Inverser Gelenkersatz

Im Vergleich dazu zeigen sich nach Implantation einer inversen Prothese geringere Instabilitätsraten und geringere Revisionsraten [29]. In einer retrospektiven Analyse der Arbeitsgruppe von Pascal Boileau [30] an 25 Patientinnen und Patienten, die mit einer inversen Prothese versorgt wurden (davon erhielten 71 % einen knöchernen Glenoidaufbau), zeigte sich nach einem Zeitraum von 6,6 Jahren eine Komplikationsrate von 8 % (Spina-scapula-Fraktur; Infektion) ohne das Auftreten postoperativer Instabilität. Die Arbeitsgruppe von Christian Gerber [31] führte in einer retrospektiv-vergleichenden Studie einen Vergleich zwischen 11 Schultern mit inverser Prothese bei Instabilitätsarthrose und 22 Schultern mit inverser Prothese bei Defektarthropathie durch. Nach 6,2 Jahren ergaben sich keine signifikanten Unterschiede in den Funktionsscores oder den Komplikationsraten. Postoperative Dislokationen traten ebenfalls nicht auf. Bei der Implantation einer inversen Prothese bei 13 Patientinnen und Patienten mit Defektarthropathie und vorangegangener Stabilisierungsoperation fanden Raiss et al. [32] nach 3,5 Jahren eine signifikante Verbesserung des Constant Scores sowie eine Revisionsrate von 8 % (bedingt durch eine periprothetische Fraktur nach einem Sturz). Die Autoren schlussfolgerten, dass das klinisch-radiologische Ergebnis ihrer Studie vergleichbar mit den Ergebnissen nach Implantation einer inversen Prothese bei Defektarthropathie ohne Instabilität in der Vorgeschichte sei.

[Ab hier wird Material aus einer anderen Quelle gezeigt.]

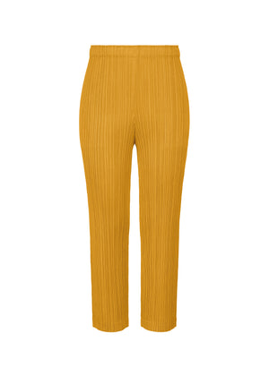 These ankle-length mustard pleated trousers have a slim fit, side pockets and an elasticated waistband.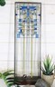 ? On this glass panel, enamel colors are individually applied to a single sheet of glass which is then kiln fired to permanently fuse the enamels to the glass. The glass is then metal framed and includes both a hanging chain and a wooden plaque base.

Vor dem Hintergrund der im Vergleich geringeren Komplikationsraten und Revisionsraten bei guter klinischer Funktion ist auch für das Krankheitsbild der Instabilitätsarthrose mit einem Trend in Richtung der Implantation von inversen Prothesen zu rechnen, wie es sich bereits anhand von nationalen und internationalen Registerdatenbanken abzeichnet. Im Falle eines jungen Patienten mit hoher Lebenserwartung stellt die Wahl des endoprothetischen Implantates dennoch eine Einzelfallentscheidung dar. Zur Erhaltung des metaphysären Knochens auf der humeralen Seite empfiehlt es sich, im Falle einer Entscheidung für eine inverse Prothese, bei jungen Patientinnen und Patienten Kurzschaft- oder schaftfreie Implantate zu verwenden, die bisher vielversprechende kurz- bis mittelfristige Ergebnisse aufweisen [33, 34].